## The data
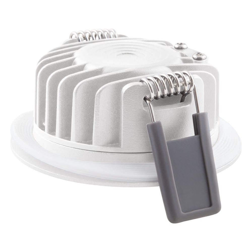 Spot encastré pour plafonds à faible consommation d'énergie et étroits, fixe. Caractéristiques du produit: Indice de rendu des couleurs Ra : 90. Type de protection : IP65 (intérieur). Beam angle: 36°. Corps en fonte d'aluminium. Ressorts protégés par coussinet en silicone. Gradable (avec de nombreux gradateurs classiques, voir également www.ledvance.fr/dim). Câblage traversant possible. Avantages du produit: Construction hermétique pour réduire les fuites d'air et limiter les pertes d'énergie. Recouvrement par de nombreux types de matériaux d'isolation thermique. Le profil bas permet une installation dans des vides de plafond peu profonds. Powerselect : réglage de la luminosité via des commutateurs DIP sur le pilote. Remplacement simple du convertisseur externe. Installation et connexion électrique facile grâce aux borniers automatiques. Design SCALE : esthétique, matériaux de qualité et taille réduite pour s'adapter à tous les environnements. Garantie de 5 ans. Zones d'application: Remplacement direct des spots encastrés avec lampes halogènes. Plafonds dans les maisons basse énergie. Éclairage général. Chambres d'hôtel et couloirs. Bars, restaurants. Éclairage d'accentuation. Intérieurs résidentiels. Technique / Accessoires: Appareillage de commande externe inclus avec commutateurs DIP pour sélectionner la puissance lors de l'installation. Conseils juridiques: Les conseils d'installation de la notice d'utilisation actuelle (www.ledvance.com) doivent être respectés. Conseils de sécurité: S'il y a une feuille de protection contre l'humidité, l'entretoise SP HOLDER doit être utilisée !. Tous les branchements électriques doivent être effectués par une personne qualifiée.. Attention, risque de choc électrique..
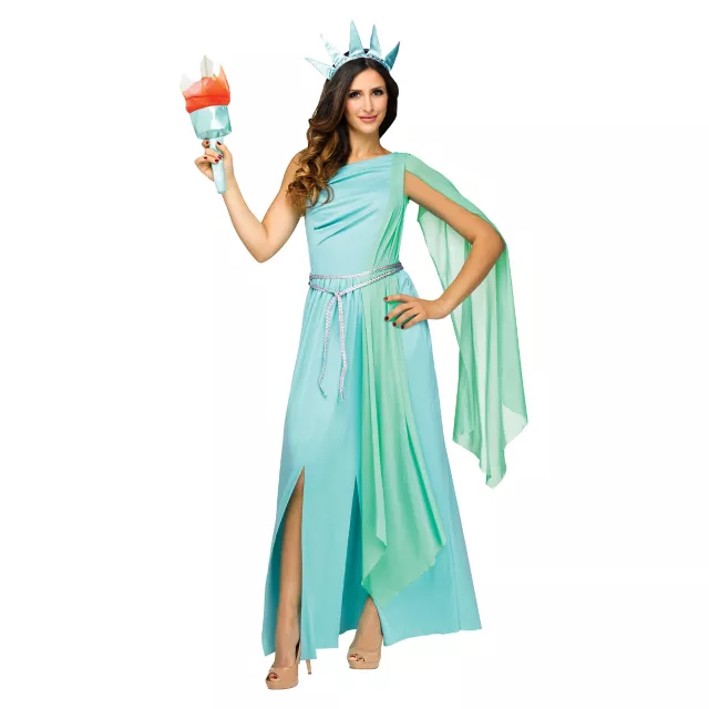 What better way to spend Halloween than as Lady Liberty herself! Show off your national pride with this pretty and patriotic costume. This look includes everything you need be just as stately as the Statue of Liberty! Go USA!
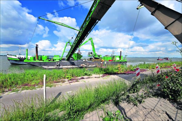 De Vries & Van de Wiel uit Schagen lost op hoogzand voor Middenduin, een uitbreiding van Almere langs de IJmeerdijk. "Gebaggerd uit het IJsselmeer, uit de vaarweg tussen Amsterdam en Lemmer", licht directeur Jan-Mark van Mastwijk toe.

## What the task asks
Only exact repeats of the lines from the one containing "What better way" through the end of the listing above are wanted here; pictures are not.

## Reply to the exercise
 What better way to spend Halloween than as Lady Liberty herself! Show off your national pride with this pretty and patriotic costume. This look includes everything you need be just as stately as the Statue of Liberty! Go USA!
 De Vries & Van de Wiel uit Schagen lost op hoogzand voor Middenduin, een uitbreiding van Almere langs de IJmeerdijk. "Gebaggerd uit het IJsselmeer, uit de vaarweg tussen Amsterdam en Lemmer", licht directeur Jan-Mark van Mastwijk toe.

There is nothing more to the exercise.